▶ [What you are asked to do] From the line with "La orientación educativa" through the line with "- Strieborné kôstkové", inclusive, return each line of the data below exactly and leave the rest out.

▶ [Extracted data]
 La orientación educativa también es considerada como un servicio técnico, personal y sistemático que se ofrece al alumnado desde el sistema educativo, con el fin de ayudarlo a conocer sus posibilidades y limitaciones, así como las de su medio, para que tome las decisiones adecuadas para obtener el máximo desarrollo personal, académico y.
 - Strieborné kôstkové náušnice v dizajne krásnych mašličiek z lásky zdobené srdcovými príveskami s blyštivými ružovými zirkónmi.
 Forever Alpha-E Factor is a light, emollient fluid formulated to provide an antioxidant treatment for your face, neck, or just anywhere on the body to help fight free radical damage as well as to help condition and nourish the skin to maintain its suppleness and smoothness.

==

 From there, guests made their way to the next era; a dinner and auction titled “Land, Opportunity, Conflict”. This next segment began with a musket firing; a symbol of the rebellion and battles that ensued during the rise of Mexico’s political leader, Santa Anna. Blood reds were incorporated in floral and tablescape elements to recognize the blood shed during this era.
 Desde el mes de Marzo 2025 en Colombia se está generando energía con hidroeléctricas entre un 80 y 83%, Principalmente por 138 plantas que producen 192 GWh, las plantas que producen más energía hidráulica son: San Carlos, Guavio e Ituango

...

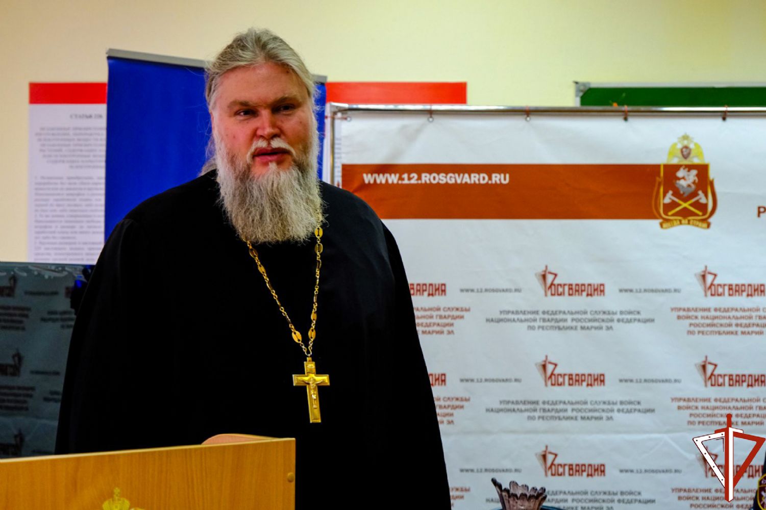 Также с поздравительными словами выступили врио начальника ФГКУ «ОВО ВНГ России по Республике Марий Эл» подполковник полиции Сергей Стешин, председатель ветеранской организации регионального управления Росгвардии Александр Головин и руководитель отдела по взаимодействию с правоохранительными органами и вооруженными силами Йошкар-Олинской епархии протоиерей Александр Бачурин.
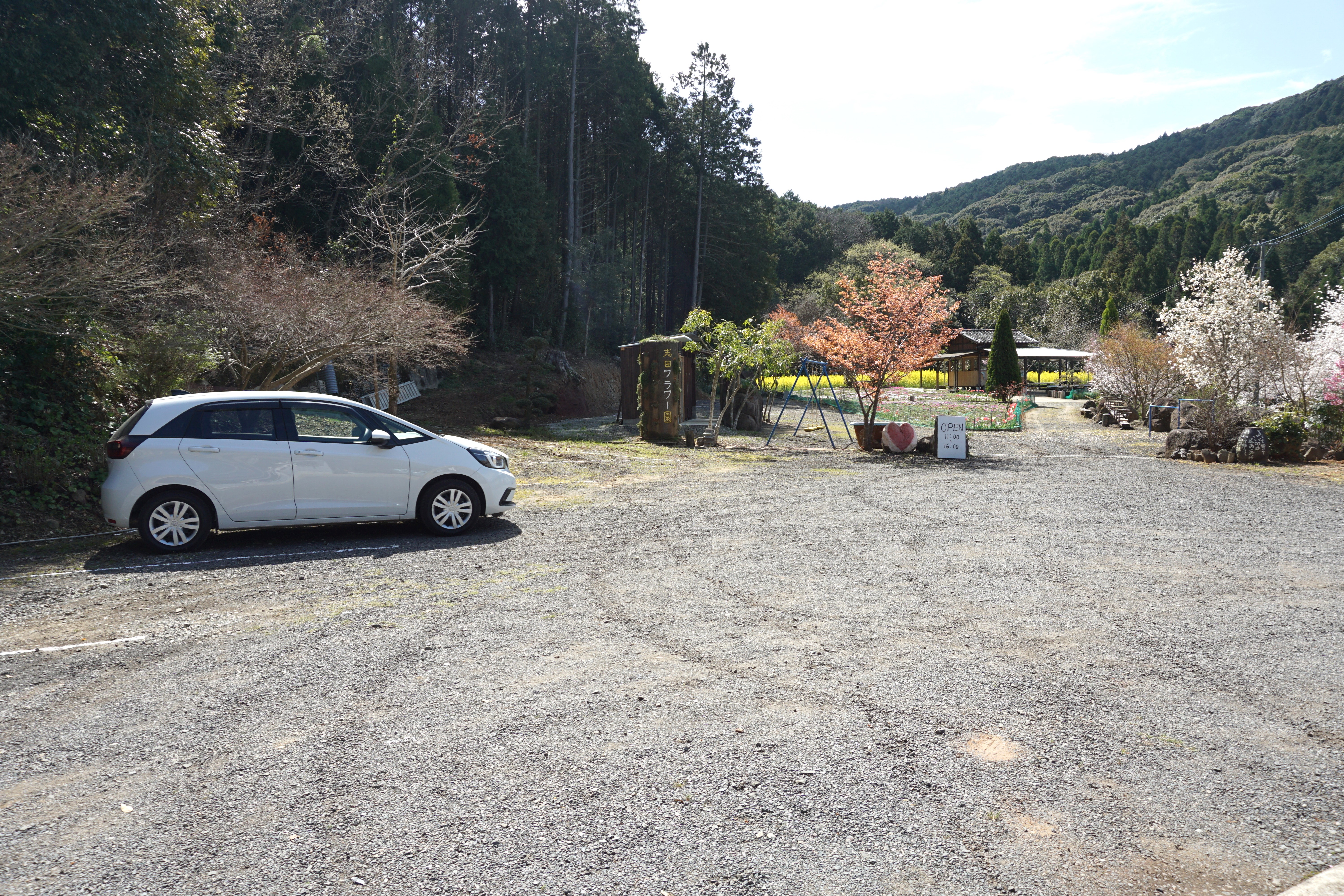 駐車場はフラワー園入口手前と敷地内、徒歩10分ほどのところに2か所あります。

▶ [Response]
 La orientación educativa también es considerada como un servicio técnico, personal y sistemático que se ofrece al alumnado desde el sistema educativo, con el fin de ayudarlo a conocer sus posibilidades y limitaciones, así como las de su medio, para que tome las decisiones adecuadas para obtener el máximo desarrollo personal, académico y.
 - Strieborné kôstkové náušnice v dizajne krásnych mašličiek z lásky zdobené srdcovými príveskami s blyštivými ružovými zirkónmi.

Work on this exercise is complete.